Before each LLM call, it runs micro-compact, drains background notifications, and checks the team inbox. The tool dispatch map includes 23 tools: bash, read, write, edit, TodoWrite, task management, skill loading, compression, background execution, teammate spawning, message passing, broadcasting, plan approval, idle polling, and shutdown. REPL commands like /compact, /tasks, /team, and /inbox give the operator direct control.

All of this runs in a single Python file. No imports from framework libraries. No configuration files beyond .env. No build step. The entire harness is visible, editable, and understandable in one sitting.

Skills, Not Just Code

The skills/ directory contains four pre-built skill packages: agent-builder, code-review, mcp-builder, and pdf. Each skill is a markdown file with domain instructions that the model loads on demand via session 05's skill-loading mechanism.

This is a subtle but important architectural choice. Skills are text, not code. They teach the model how to behave in a specific domain by providing context, not by constraining it with programmatic rules. The model reads the instructions and applies them with its own judgment. No enforcement layer. No validation schema. Just natural language guidance injected at the right time.

The Multilingual Bet

The project ships with full documentation in English, Chinese, and Japanese. The README exists in all three languages. The docs/ directory mirrors this structure. The companion web app at learn.shareai.run supports all three locales.

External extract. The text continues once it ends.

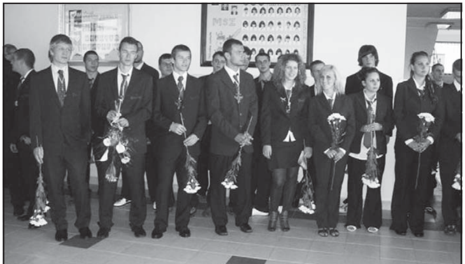
Aj študenti IV. G triedy Súkromného gymnázia ŽP sa 16. mája rozlúčili so školou.

This is not accidental. shareAI-lab is a Chinese open-source organization, and the project's star growth reflects strong adoption across Asian developer communities. The multilingual documentation lowers the barrier for the largest developer populations in the world and explains part of the repo's explosive growth curve.

What the Critics Get Right

The harness-only philosophy has limits. Production deployments need observability, tracing, cost tracking, rate limiting, and retry logic. Claude Code itself has all of these. The twelve sessions do not. They teach architecture, not operational maturity.

The repo also assumes access to frontier models. The agent loop works because Claude and GPT-4 class models are genuinely good at deciding when to call tools and when to stop. Try the same pattern with a weaker model and the loop may spin endlessly or never call a tool at all. The harness is model-agnostic in theory. In practice, it needs a strong model to shine.

There is also a tension between the "no framework" stance and the fact that s_full.py is, itself, a framework. It is a well-designed one with clear boundaries, but it is still 500+ lines of orchestration code that new developers need to understand. The difference from LangChain is a matter of abstraction level, not a matter of kind.

The Bigger Vision

The README ends with a manifesto that extends well beyond coding agents. The harness patterns, the repo argues, apply to any domain: estate management, agriculture, hotel operations, medical research, manufacturing, education. The loop is always the same. The tools change. The knowledge changes. The permissions change. The agent generalizes.

"First we fill the workshops. Then the farms, the hospitals, the factories. Then the cities. Then the planet. Bash is all you need. Real agents are all the universe needs."

-- learn-claude-code README

Bold? Absolutely. But the technical foundation is sound. If you accept that a frontier LLM is already an agent, then the rate-limiting factor for deploying agents in new domains is not better models. It is better harnesses. Better tools for the model to use. Better knowledge for it to draw on. Better permissions to keep it safe. That is engineering work. And that is exactly what this repo teaches you to do.

A wide panoramic scene. On the left a small terminal window shows the agent loop code. From it emerges a branching tree whose branches reach into different domains: a farm with sensor equipment, a hospital with medical instruments, a factory with robotic arms, a city skyline. Each branch carries the same simple loop pattern adapted with different tools. The roots of the tree spell out Bash is all you need. — The harness pattern generalizes. The same loop, different tools, every domain.